Notation catalog

Notation catalog#

Notation	Meaning
\(i = 1, 2, \ldots, n\)	Index of an example in the dataset
\((\quad)\)	Parentheses indicate an ordered set of elements (a tuple)
\((\vec{x}_i, y_i)\)	Ordered pair of a data example and its answer/label
\(j = 1, 2, \ldots, p\)	Index of a feature in a data example
\(\vec{x} = (x_1, x_2, \ldots, x_p)\)	A vector with \(p\) features \((x_1, x_2, \ldots, x_p)\)

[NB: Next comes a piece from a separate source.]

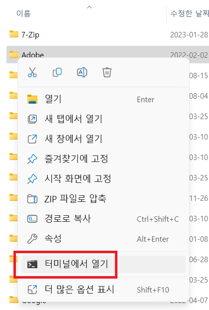 Git 설치가 완료되면 PC의 아무 폴더나 선택해서 마우스 우클릭에서 「터미널에서 열기」를 클릭합니다.

\(\vec{x}_i = (x_{i,1}, x_{i,2}, \ldots, x_{i,p})\)	A vector with \(p\) features \((x_{i,1}, x_{i,2}, \ldots, x_{i,p})\) for the \(i\)-th data example
\(f(\vec{x})\)	A function that takes in a data example \(\vec{x}\) and outputs a prediction \(\hat{y}\)
\(\hat{y}\)	A prediction (we want this to be close to the true answer)
\(\mathcal{L}(\vec{w})\)	A loss function, a function of the weights \(\vec{w} = (w_0, w_1, \ldots, w_p)\), which quantifies the error of the model
\(\nabla \mathcal{L}(\vec{w})\) = \(\left(\frac{\partial \mathcal{L}}{\partial w_0}, \frac{\partial \mathcal{L}}{\partial w_1}, \ldots, \frac{\partial \mathcal{L}}{\partial w_p}\right)\)	The gradient of \(\mathcal{L}(\vec{w})\) with respect to the weights \(\vec{w}\), a vector of partial derivatives
\(\ell_i\)	The loss function calculated for a single data example \((\vec{x}_i, y_i)\)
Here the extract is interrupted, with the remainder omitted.